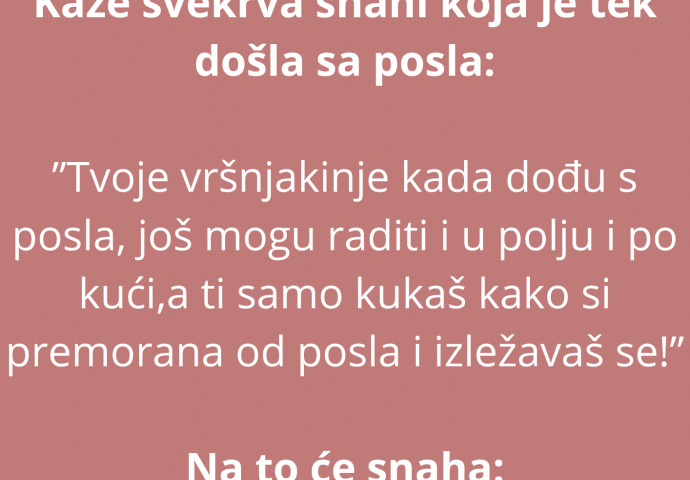 ”Tvoje vršnjakinje kada dođu s posla, još mogu raditi i u polju i po kući,a ti samo kukaš kako si premorana od posla i izležavaš se!”
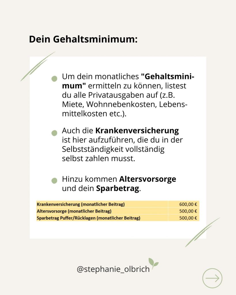 Dein monatliches Gehaltsminimum in der Selbstständigkeit
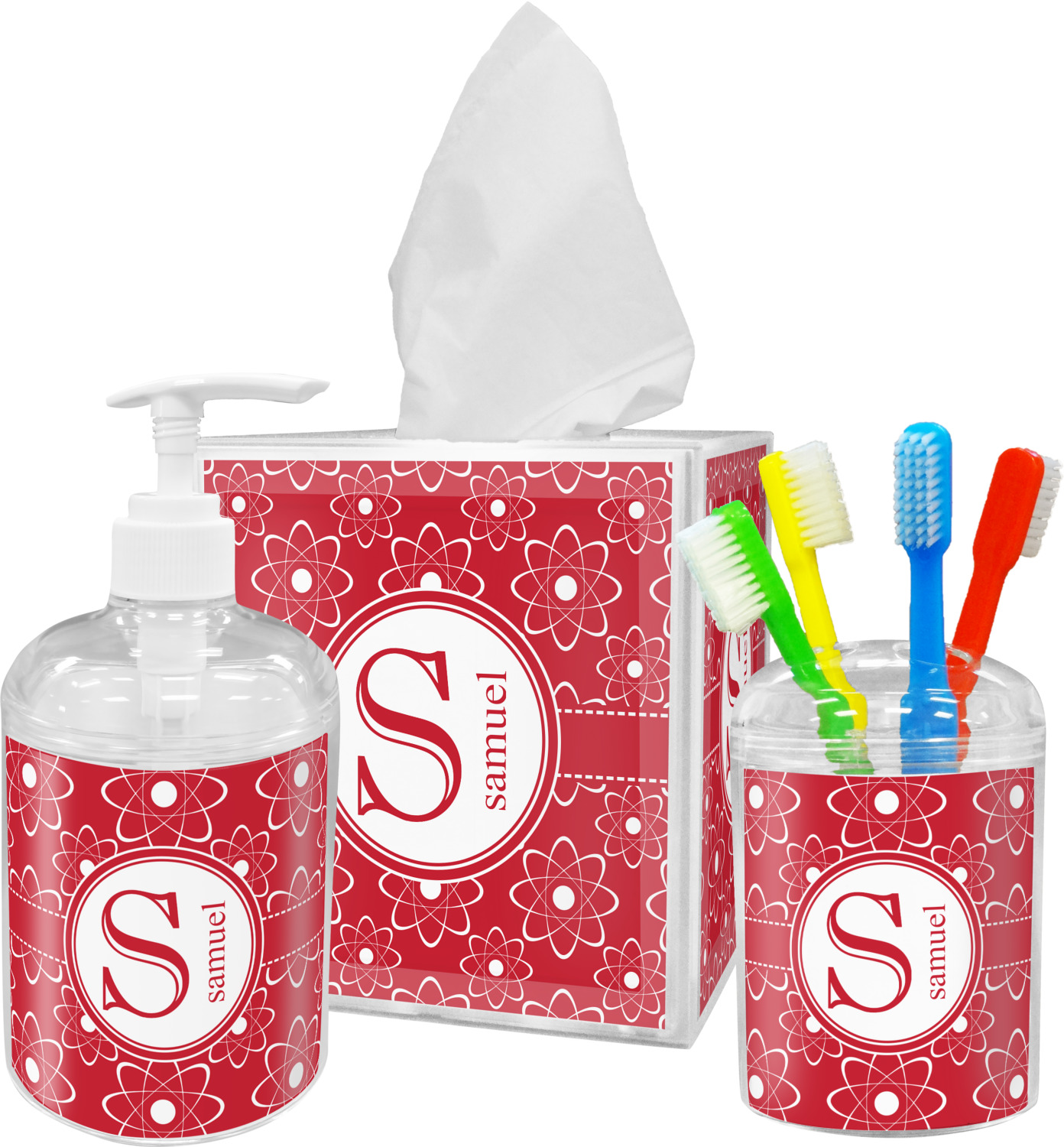 Another design for our nerds out there! This design highlights the structure of the atom, the building block of life, in bold red and white.
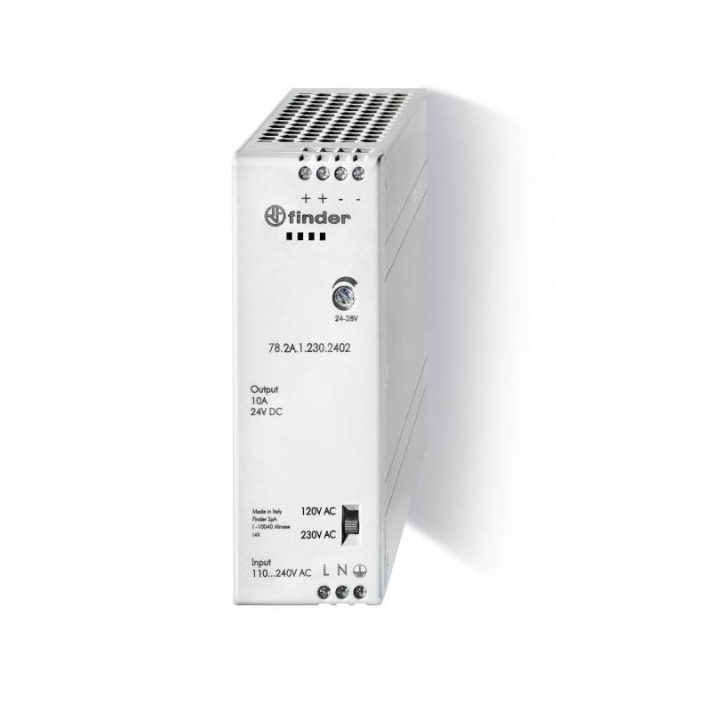 Description: Alimentation industrielle entrée 120 ou 240V AC sélectionnable, Sortie 24...28VDC 240W 10A montage sur rail 35mm
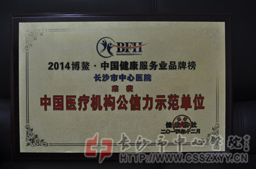 2014年12月5—7日,我院获得《健康报》主办的“2014中国健康服务公信力排行榜”评选活动“中国医疗机构公信力示范单位”。
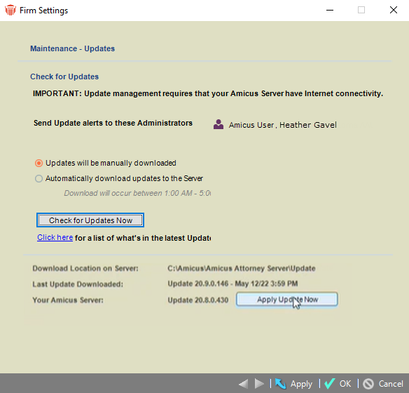 - If your firm has not been updated to Amicus 20.9, click the Apply Update Now button that displays in the Maintenance - Updates dialog.
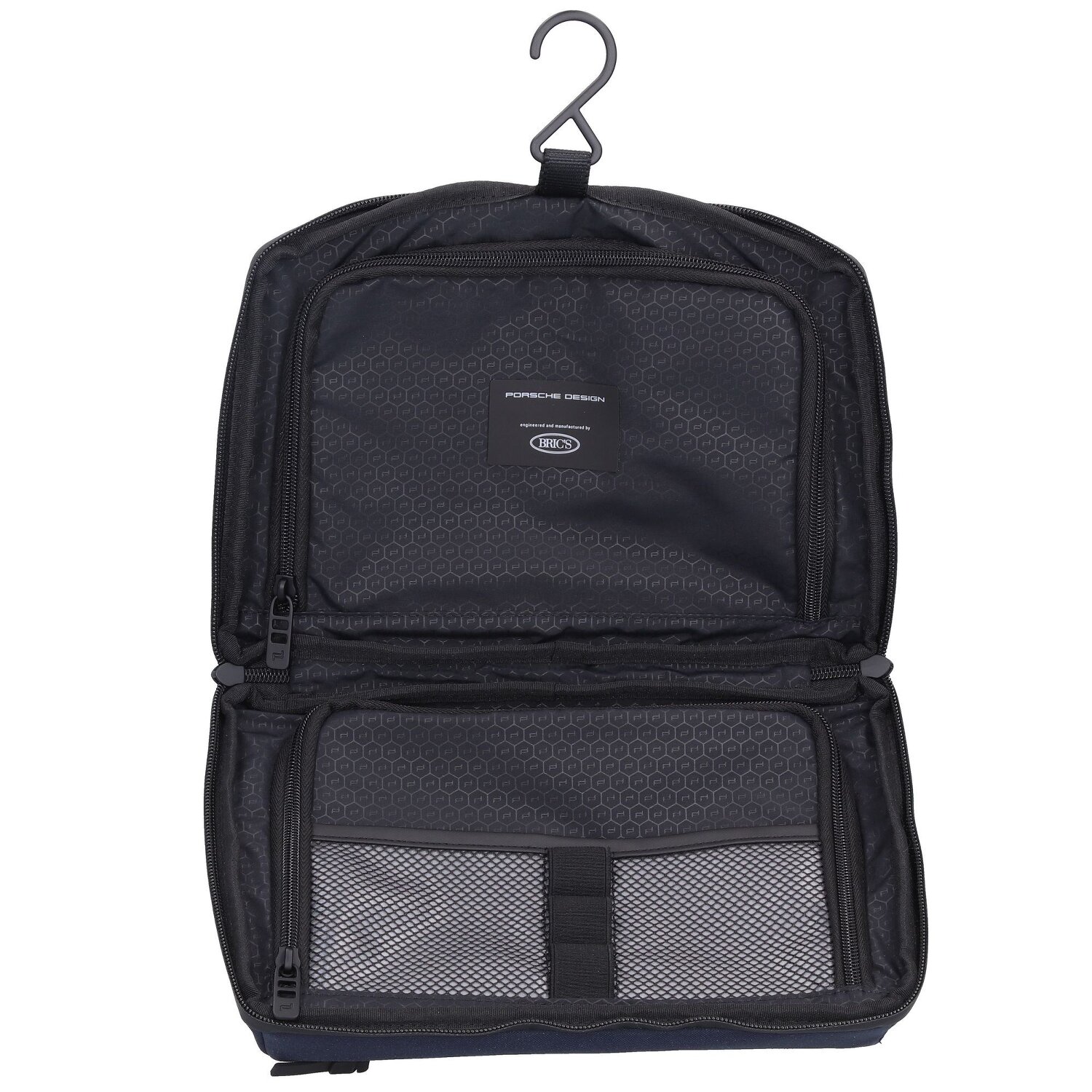 Luxuriöser Kulturbeutel der Marke Porsche Design. Die Tasche besticht durch ihre hohe Verarbeitungsqualität und ihr geradliniges Design. Sie besitzt ein Hauptfach mit Netzfach und Reißverschlussfach sowie Laschen für Zahnbürsten im Inneren. Das Außenfach sorgt für zusätzlichen Stauraum. Mit dem integrierten Haken kann der Kulturbeutel auch aufgehangen werden. Der schicke Begleiter auf Geschäftsreisen.

● ● ● ● ●

• Requirement:
Without the pictures, return the whole of the data exactly as given.

• Answer to this problem:
 ”Tvoje vršnjakinje kada dođu s posla, još mogu raditi i u polju i po kući,a ti samo kukaš kako si premorana od posla i izležavaš se!”
 Dein monatliches Gehaltsminimum in der Selbstständigkeit
 Another design for our nerds out there! This design highlights the structure of the atom, the building block of life, in bold red and white.
 Description: Alimentation industrielle entrée 120 ou 240V AC sélectionnable, Sortie 24...28VDC 240W 10A montage sur rail 35mm
 2014年12月5—7日,我院获得《健康报》主办的“2014中国健康服务公信力排行榜”评选活动“中国医疗机构公信力示范单位”。
 - If your firm has not been updated to Amicus 20.9, click the Apply Update Now button that displays in the Maintenance - Updates dialog.
 Luxuriöser Kulturbeutel der Marke Porsche Design. Die Tasche besticht durch ihre hohe Verarbeitungsqualität und ihr geradliniges Design. Sie besitzt ein Hauptfach mit Netzfach und Reißverschlussfach sowie Laschen für Zahnbürsten im Inneren. Das Außenfach sorgt für zusätzlichen Stauraum. Mit dem integrierten Haken kann der Kulturbeutel auch aufgehangen werden. Der schicke Begleiter auf Geschäftsreisen.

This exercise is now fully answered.